Part of Orders of the Day – in the House of Commons at 3:31 pm on 26 October 2006.

Alert me about debates like this

Photo of Gisela Stuart Gisela Stuart Labour, Birmingham, Edgbaston 3:31, 26 October 2006

Yes, extremists, whether from the right or the left, appear to be offering certainties, and people want certainties. That is worrying.

But I want to look at our own house, before we criticise the rest of Europe. There are two options. We can either draw more of the decision making up into Brussels, which clearly has not worked, or we can draw it down to member states, which is what I think we need to do. In that regard, we should start at home. Let me give an example of what I mean. Early in October, I turned the radio on and tuned into the "Today" programme, hoping to have my daily rant at John Humphrys. Our Secretary of State for Trade and Industry was talking about age discrimination legislation. I thought that it was very good legislation, and that I would have enjoyed, and have felt proud as a Labour MP, and campaigning and saying, "This is what we have done."

But what happened? That is the first I had heard of that legislation, so I sent an e-mail to the Library, asking whether the House of Commons had ever debated that it. The Library wrote back saying that the legislation was statutory instrument 2006/2408. It could find no debates on it in the Commons, but there was a debate in the Lords, on 30 March. Of course, the Lords cannot amend statutory instruments. I read the relevant Lords Hansard and discovered that they did indeed debate it—from 4.22 to 4.54 pm, which is a grand total of 32 minutes. I did a little more reading, and I was given the website link for the relevant research paper. This morning, I asked for a hard copy of it. It has not been printed yet.
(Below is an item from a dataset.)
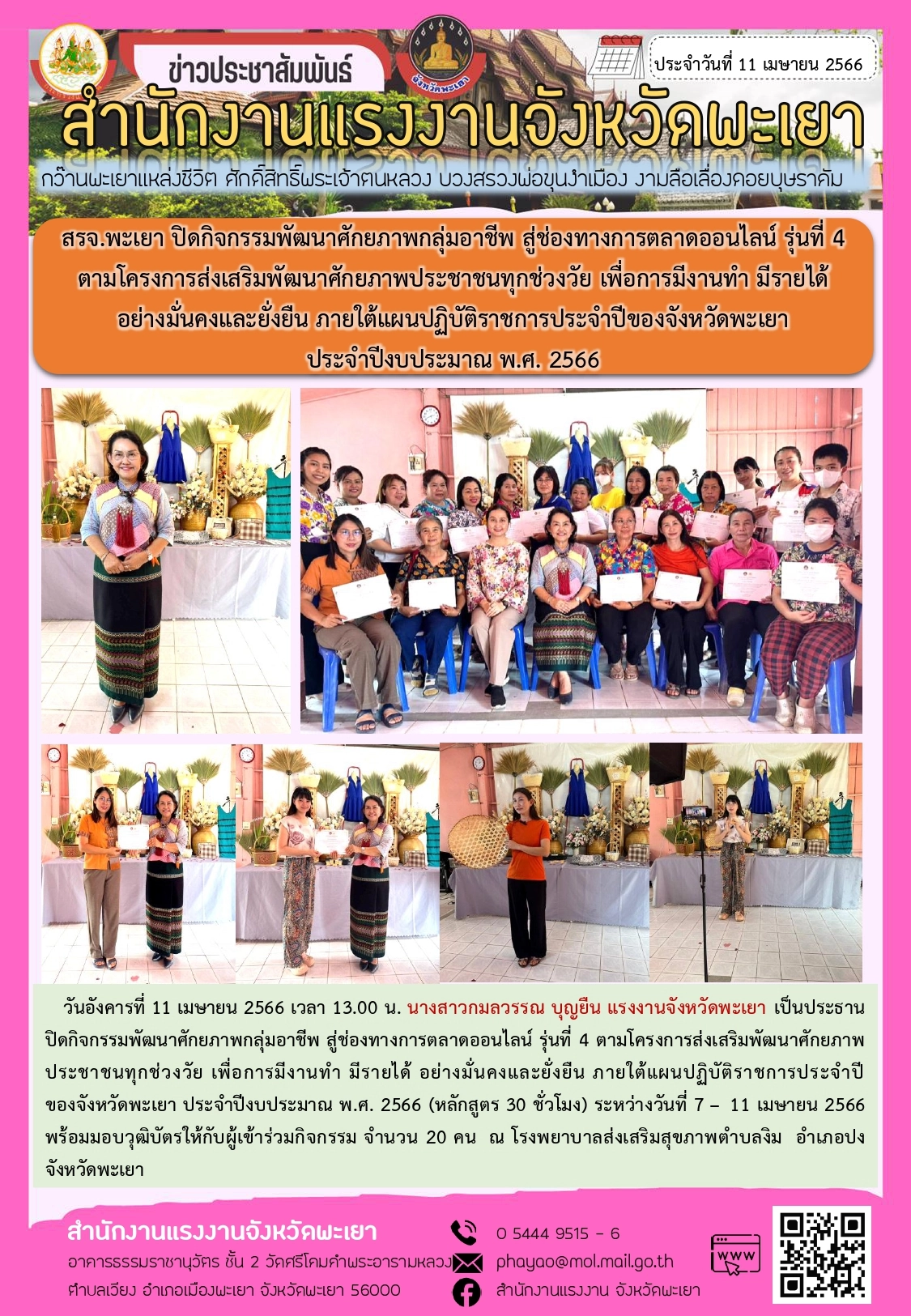 สรจ.พะเยา ปิดกิจกรรมพัฒนาศักยภาพกลุ่มอาชีพ สู่ช่องทางการตลาดออนไลน์ รุ่นที่ 4 ตามโครงการส่งเสริมพัฒนาศักยภาพประชาชนทุกช่วงวัย เพื่อการมีงานทำ มีรายได้ อย่างมั่นคงและยั่งยืน ภายใต้แผนปฏิบัติราชการประจำปีของจังหวัดพะเยา ประจำปีงบประมาณ พ.ศ. 2566

Since 1997, there have been nine attempts to introduce anti-age discrimination legislation—via ten-minute Bills and amendments to existing legislation, for example— so this issue has exercised the House. That is good, but I would have liked to know about it. There is another reason the House should debate such legislation at length. When Ministers stand at the Dispatch Box and explain their understanding of such legislation, courts then refer to such statements in interpreting that legislation.

There was another element of that "Today" programme that really upset me. When the Secretary of State for Trade and Industry was asked whether the new anti-age discrimination legislation would be incompatible with certain UK legislation, he said that it had yet to be tested in the courts. I do not have a problem with legislation being tested in the courts, but we need to give courts guidance on how we regard it. When such legislation affects all our constituents—indeed, this legislation will have ramifications that we have not even dreamt of yet—we need to be much more realistic about how we deal with and debate it in this House.

I have three suggestions. First, we should have a proper Europe Minister. By that I mean a Minister who is in the Cabinet, who has regular —[Interruption.] The current Minister for Europe is a perfect candidate and I would propose him for that role. Indeed, I want to enhance his role. In addition to being in the Cabinet, he should have regular question sessions at the Dispatch Box as the Minister for Europe, during which he explains all the decisions taken at European level that impact on domestic legislation, and how matters will be co-ordinated across Whitehall. That role is currently fulfilled by our permanent representative in Brussels, but I would like it to be fulfilled by someone of Cabinet rank who is regularly answerable to this House. Indeed, in terms of its political significance, that role is almost one for the Deputy Prime Minister.